Patricia Campbell had always planned for a big life, but after giving up her career as a nurse to marry an ambitious doctor and become a mother, Patricia’s life has never felt smaller. The days are long, her kids are ungrateful, her husband is distant, and her to-do list is never really done. The one thing she has to look forward to is her book club, a group of Charleston mothers united only by their love for true-crime and suspenseful fiction. In these meetings, they’re more likely to discuss the FBI’s recent siege of Waco as much as the ups and downs of marriage and motherhood.
But when an artistic and sensitive stranger moves into the neighborhood, the book club’s meetings turn into speculation about the newcomer. Patricia is initially attracted to him, but when some local children go missing, she starts to suspect the newcomer is involved. She begins her own investigation, assuming that he’s a Jeffrey Dahmer or Ted Bundy. What she uncovers is far more terrifying, and soon she—and her book club—are the only people standing between the monster they’ve invited into their homes and their unsuspecting community.
What is The Southern Bookclub’s Guide to Slaying Vampires about?
The book starts with the life of a Southern housewife, Patricia. In seeking to join the right parts of her community she seeks out friendships in a book club, only to find herself with utterly different friends in a completely different book club. Reading only true crime and thrillers, Patricia notices some red flags popping up in her community after the arrival of a stranger. But by the time she does anything about those red flags, he’s already embedded into the lives of her friends and family and refuses to be uprooted.
I went into this book thinking it would be more akin to urban fantasy, but boy was I wrong. This book is so firmly horror. There are incredibly vivid and bloody descriptions of the action, and times where the story takes a turn that’s shocking but also highly genre appropriate.
Tropes: Gentlemen’s Club
One of the major recurring tropes (gotta love some continuity) is that of the Gentlemen’s Club. In the South especially, it’s common for men of a certain community to band together and keep one another’s secrets, as well as enforce the written and unwritten laws of their community. In some cases, this also perpetuates violence when the Club becomes a vigilante mob.
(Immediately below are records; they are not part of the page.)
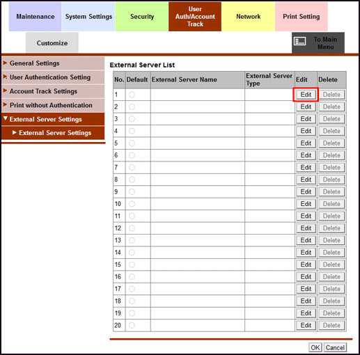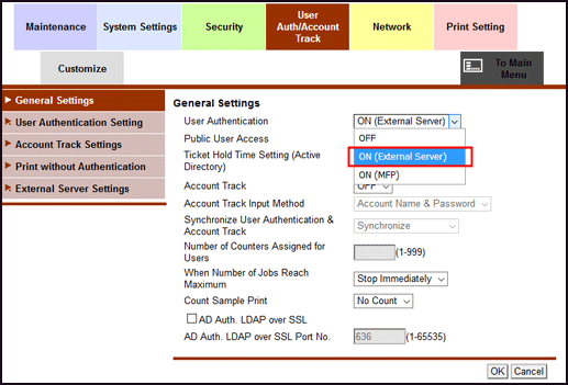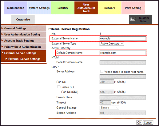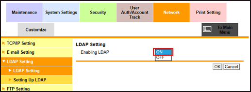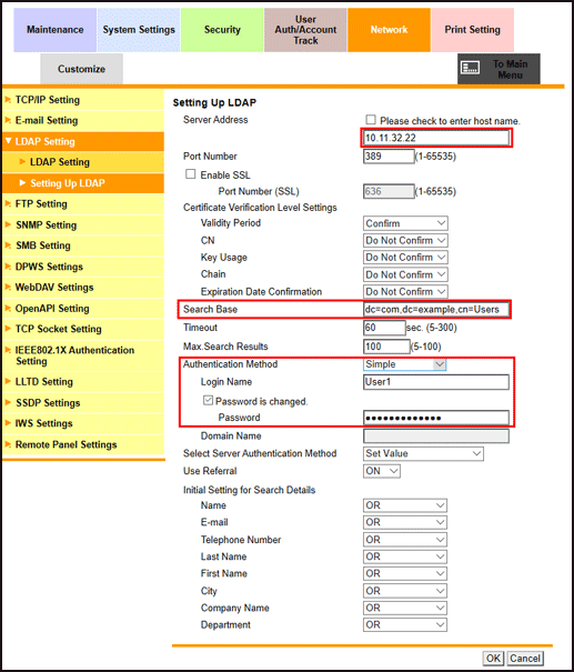 Configure the settings on the machine side so that it can be connected to the server. Settings other than the LDAP settings detailed here are required to use external server authentication. However, you only need to configure the LDAP settings detailed here to perform an LDAP search.
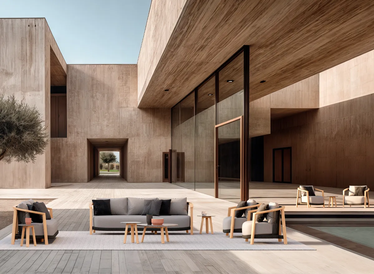 Side table that combines the naturalness of teak with a VK03 dekton top, which adds elegance to the piece.
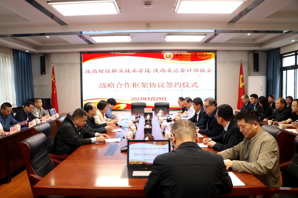 5月29日下午,我校与陕西省总会计师协会、西安食品工程高级技工学校、西咸理工高级职业中学战略合作暨中高职衔接签约仪式在办公楼四楼会议室举行。陕西省总会计师协会会长舒煜、协会秘书长蔺翠萍、协会常务理事虞秀选、长安开元教育集团总经理翟维铁、西安食品工程高级技工学校校长万家国、西咸理工高级职业中学常务副校长袁新学、协会副秘书长韩罕、西咸理工高级职业中学就业办主任杨继峰、长安开元教育集团市场部主任刘海凤;学院党委书记张志华、院长程书强、教务处处长兼质量管理中心主任刘军、招生办主任兼人事处处长侯文亮、学生处处长乔晶策、团委书记张洁,创新创业园区管理办副主任曹崇禧、各二级学院院长及书记参加了会议,会议由副院长雷旭主持。
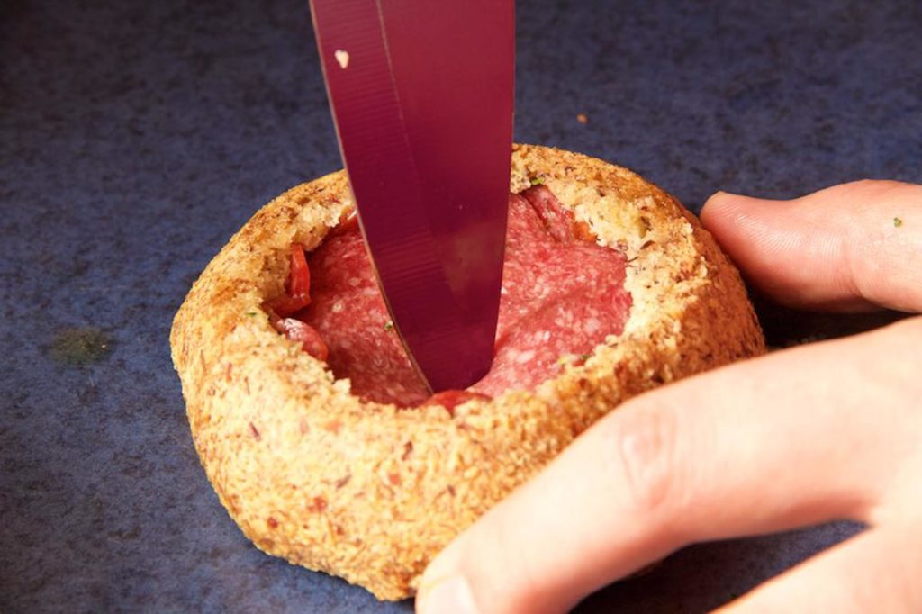 Mit zwei Scheiben Salami abdecken. Die Salami gut unter den Rand stopfen.
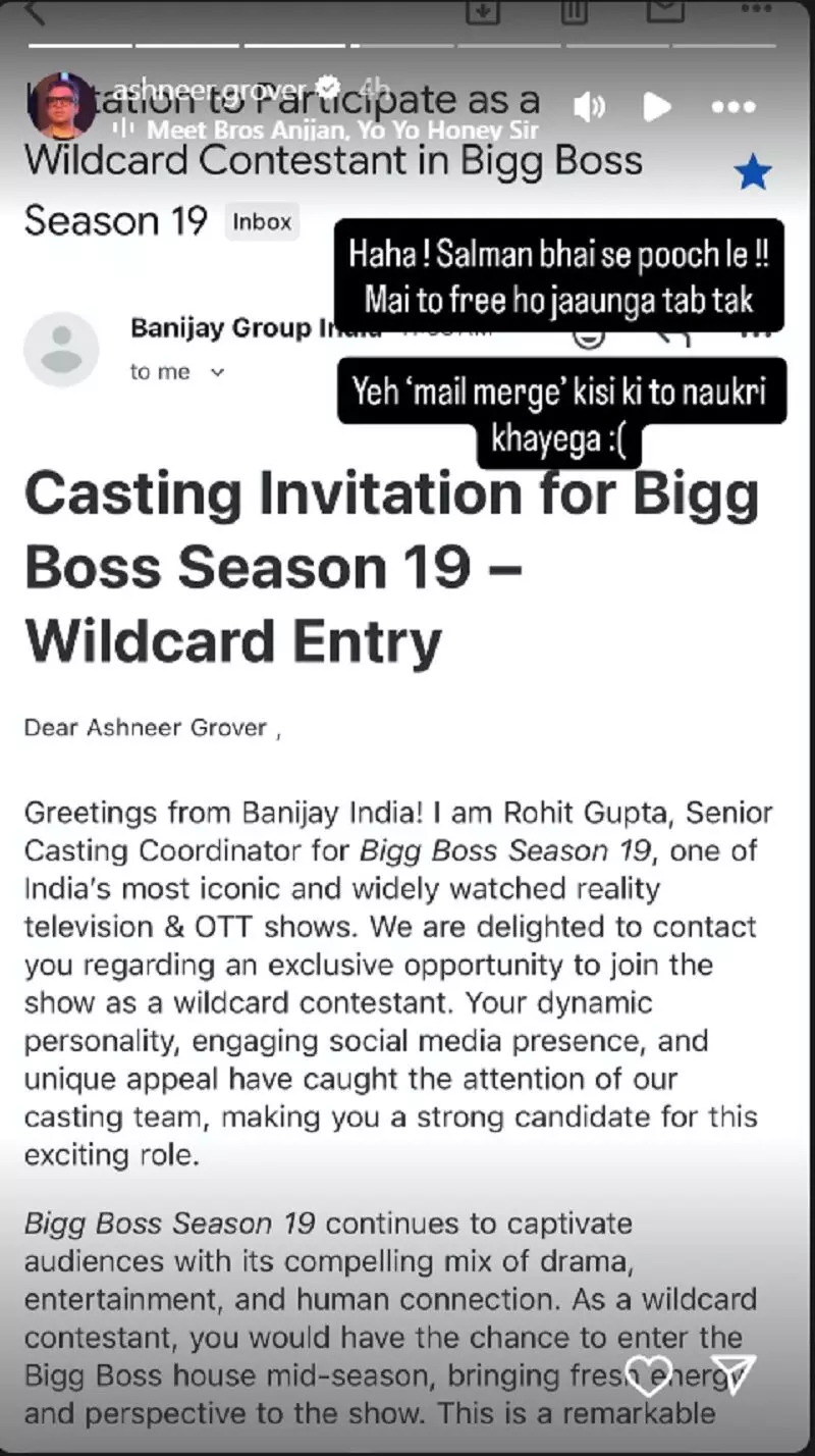 अशनीर ग्रोवर ने शुक्रवार (26 सितंबर) को सोशल मीडिया पर एक स्क्रीनशॉट शेयर किया, जिसमें बिग बॉस टीम की ओर से उन्हें भेजा गया ईमेल नजर आ रहा है। ईमेल पर बिग बॉस 19 के सीनियर कास्टिंग कोऑर्डिनेटर का जिक्र है। मेल में अशनीर को शो के मिड-सीजन में बतौर वाइल्ड कार्ड हिस्सा लेने की बत कही गई है जो शो को नई दिशा देने के लिए है।

Plot: Preying on Small Town Sensibilities
The nature of the suburban community Patricia is a member of is very important to the story. It allows insiders to get away with a lot more than they should, so long as they follow the guidelines of the community and do not betray certain principles. It also allows the right facade to work for a stranger entering their midst…
I loved the narrative symmetry throughout, with Patricia’s relationship to Miss Mary being tangibly important to the story and the repeated history aspects going on. I enjoyed the fact that the Bookclub fails multiple times in its goals, and that the characters act and feel like cowards. The vitriol and anger of Patricia towards her husband was powerful, and the consequences for not helping those in aid equally so. I liked that everything that was mentioned had a purpose. Imagery wasn’t just for the visualization but because the peach tree meant something, the weird phrases used meant things. All in all, I think this was a masterfully written book.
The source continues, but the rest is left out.